# What if Alvin and the Chipmunks were *awesome* instead of shit?



## Lobar (May 12, 2010)

They'd be Pikku-Orava, fighting mighty pinecone golems through the brutal power of metal, that's what.

[yt]gbx6QUoGpdY[/yt]


----------



## <CaliforniaStripes> (May 15, 2010)

I liked the old cartoon when i was a kid, the movies just appeal to newer generations and they werent the real deal


----------



## Ames (May 15, 2010)

...the fuck?


----------



## Nanakisan (May 15, 2010)

Have to agree with <CaliforniaStripes>.

The old toon series of the munks was enjoyable as a kid and still is today mostly because it stayed focused to the whole story of the munks. then came the movies which i nthe beginning for the animated ones when they first began were ok in my opinion. not complaining to the alvin and the chipmunks version of the movie BIG hehehe nothing more fun then wishing on a broken busted fortune telling machine then winding up older and bigger.

But in relation to this movie. hahahah seriously thats just fun in a box. I liked the creativity i nthe use of the character.
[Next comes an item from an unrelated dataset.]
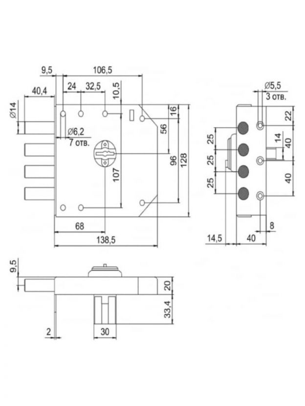 Накладной замок Эльбор Базальт 1.05.51.5.5 для дверей любого типа. В замках Эльбор серийно применяются защитные системы, обеспечивающие надежную устойчивость замков к криминальному открыванию и взлому. Использование таких систем позволяет защитить замок от большинства распространённых методов взлома. Комплектация: комплект ключей, накладка из полированной нержавеющей стали, пластмассовая шторка. Характеристики: Материал: сталь. Тип механизма секретности: сувальдный. Тип запирания: не автоматическое. Направление открывания двери: левое/правое. Толщина двери: 30-60 мм. Материал двери: металлические и деревянные. Тип ключа: сувальдный. Форма ригеля: цилиндр. Количество ригелей: 4 шт. Диаметр ригелей: 14 мм. Вылет ригеля: 40 мм. Количество ключей: 5 шт. Размер (ДхШхГ): 128х138.5х40 мм. Удаление ключевого отверстия (Backset): 68 мм. Преимущества: Высший 4 класс по ГОСТ. Возможность установки замка на левую и правую стороны двери. Защита от криминального и силового взлома, высверливания, выдавливания. Стальной замок Эльбор Базальт выполнен из качественного материала, который не поддается коррозии. В механизм включён набор скреплённых между собой пружинящих пластинок – сувальд, каждая из которых имеет свой уникальный вырез. Кроме того, в конструкции применяются защитные шторки, реагирующие только на точную конфигурацию ключа и блокирующее устройство, запирающее механизмы замка намертво, в том случае, когда его касается отмычка.

What i really enjoyed was how they got hi mto really just rock out. this must have taken lots of time to get the voices and posing timed correctly. the mouth i should has guessed is possibly a 3DSMax render because the mouth seemed a little un-natural due to the way it widened from side to side. the up and down motion of the mouth would have been all but needed.


----------



## LizardKing (May 15, 2010)

xD


----------



## Aden (May 15, 2010)

He's so metal that his fingers don't even have to move about the fretboard.


----------